Он так сердито хлопнул по лавке, что Каэде не посмела спорить и села.
Помолчали.
— Эти девочки, — чуть успокоившись начал Хэби, — сами должны почувствовать нужного. И вы, рыжие проныры, со своими советами будете только сбивать их с толку. Но они всё равно почувствуют нужного, предсказание начало сбываться, и ничто не может его остановить. Твоя задача в другом, совсем в другом…
Он замолчал и молчал так долго, что Каэде вынуждена была спросить:
— В чём же?
Хэби улыбнулся в усы и подлил себе чего-то, остро пахнущего травами, из медного чайника:
— Посмотри вон туда! — туман слегка рассеялся, и Каэде различила ниже по склону небольшую площадку, на которой какой-то юноша выполнял упражнения с мечом. — Этому мальчику суждено стать великим воином, — кивнул Хэби. — Однажды он будет защищать того императора, которого родит одна из сестёр, и устоит против большого отряда. Один! Но пока он выполняет те упражнения, которые я ему даю. И — чудо из чудес — пока он в тумане, его меч может перерубить почти всё что угодно. Деревья. Камни! Доспехи. В тумане всё кажется ему просто размытыми образами, игрой теней — и он всемогущ! Но сто́ит солнцу развеять туман — и всё. Он знает, что меч не может перерубить камень или большое дерево — и не может перешагнуть через знание.
Он снова долил из чайничка. Спросил Каэде:
— Выпьешь? — та сердито мотнула головой. — А я выпью… Твоё дело — помочь девочкам преодолеть страх. Они ещё не понимают, насколько могут быть сильны. И ты не понимаешь. Вам вместе нужно это понять. Надо войти в туман, чтобы перестать бояться преград — и поймать это правильное чувство. Такой парадоксальный путь. А высокомерие своё брось. Земля, в которую ты едешь, рожает магов большой силы. Если бы они осознавали её в себе со всей отчётливостью, то давно бы завоевали все пределы мира. Впрочем, их страна и без того так велика, что нам сложно представить. Ты не вздумай там выступать, иначе оторвут тебе твои хвосты да сошьют из них шапки с ушами. Иди давай, благословение моё с тобой.
НЕМНОГО ПОКОЯ
Утром… нет, уже днём воскресенья Кузя, всё ещё выглядевший как сытый и довольный кот, принёс мне из кухни новости. В доме Шуйских ночью что-то страшное бахнуло, вся дежурка полегла и мага вместе с охраной поместили в Шуйскую больничку. Всё, конечно, тайно, поэтому к обеду все всё уже знали.

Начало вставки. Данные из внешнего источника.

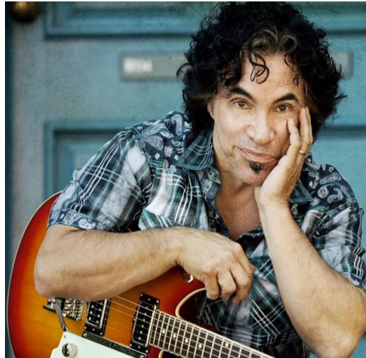
Rock-&-Roll-Hall-of-Famer John Oates

Winter Festival 2015 offers a V.I.P. ticket option that includes a "meet and

— Так вот что вчера зудело!
— Поиском тебя сканировали, что ли?
— Видать. Испугались, поди — куда я делся. Ты в машине-то один поехал.
— Блин, точно!
Я поморщился:
— Кузька, ну что за блины?
— А чего? Вся молодёжь так говорит. И ты говори, не будь как старый пень.
— Думаешь?
— Уверен на все сто.
— Мда… Ладно, я подумаю над этим. Дай-ка магофон, вон, на столе лежит.
— Кому звонить будешь?
— Да Илюхе. Не успокоятся же, пробовать будут. Этак мы без союзников останемся…
Я набрал Муромца. Ответил он почти сразу:
— Здоро́во князюшко! Как живёшь-поживаешь?
— Живу, хлеб жую. Слуш, Илюх, тут такое дело…
— Чего случилось-то?
Я потёр лоб, собираясь с мыслями, и не придумал ничего лучше как рубануть в лоб:
— Ты своим там стукни, чтоб поиском меня не искали, — Илья сделал честное лицо и, судя по всему, собрался уверять меня, что никтошеньки князя Пожарского не искал. — Ты погоди, — остановил его я. — У меня ж сигналка стоит. И защита от поиска. Спросили бы раньше — я б вас как своих предупредил. Если что серьёзное — ну магофон же есть, звоните.
Илья смутился, но немного:
— Понял, передам.
— Ну вот и славно. Бывай, дружище.
Дальше случилось относительное затишье. Никто не нападал, не бросал мне оскорблений, не пытался пролезть в особняк (что случалось пару раз, и оба раза для прощелыг окончилось малоприятно). Затаились до полной незаметности альвы. И даже лиса, вопреки её лисьей природе, никак себя особенно не проявляла.
На основании четырёхнедельных наблюдений я пришёл к выводу, что посещения больницы и работа с мёртвыми энергиями гораздо сильнее прокачивают внутреннее хранилище, а вот встречи с Момоко — проходимость каналов. Энергии она протаскивала лучше любых самых мощных заклинаний, особенно на Святогоровом ложе. Если в обычной постели показатель подрастал на пятёрочку за раз, то в музее — на двадцать-двадцать пять, за счёт, как я полагаю, бесконечного притока.
В середине октября явился Змей — как снег на голову. Весь загадочный, как шпион, говорил скрытно и через плечо оглядывался:
— Послушай, Дмитрий. Я тут с Кешкой разговаривал. Помнишь, Эльдгьяу рванул?
*Вулкан в Исландии,
извержение которого
было одним из ряда
крупнейших в истории.
— Год без лета! Как же, помню.
— Так вот. Проскочила информация — сто процентов гарантия: где-то в Южной Америке начал вулкан пыхтеть. Имечко такое… Вайна-пуна, что ли. Говорят, если уж этот начал, просто так не успокоится. А он помощнее Гардарсхоульмюрского будет. Так что не год без лета надо ждать, а все три.
* Гардарсхоульмюр —
«Остров Гардара» — Исландия,
по имени шведского викинга
Гардара Сваварсона,
которого считают
первым скандинавом,
жившим на этом острове.
— Ядрёна-матрёна…
— Так что, Митька, ты там ж*пу не морщи, какую жратву будут предлагать — всё бери. И людишкам своим тоже скажи, чтоб не выкаблучивались. С голодухи не только картошку непривычную, а и батат сожрёшь.
— Да уж понятно.
Так что взяли мы у Кетцалькоатля всё, что он нам от щедрот продать сподобился — и картошку, и кукурузу, и фасоль, и сладкий батат, и даже неизвестную никому крупу с коротким, но каким-то настолько непривычным русскому уху названием, что приёмщики, а вслед за ними и все остальные, начали называть её просто «крупичка».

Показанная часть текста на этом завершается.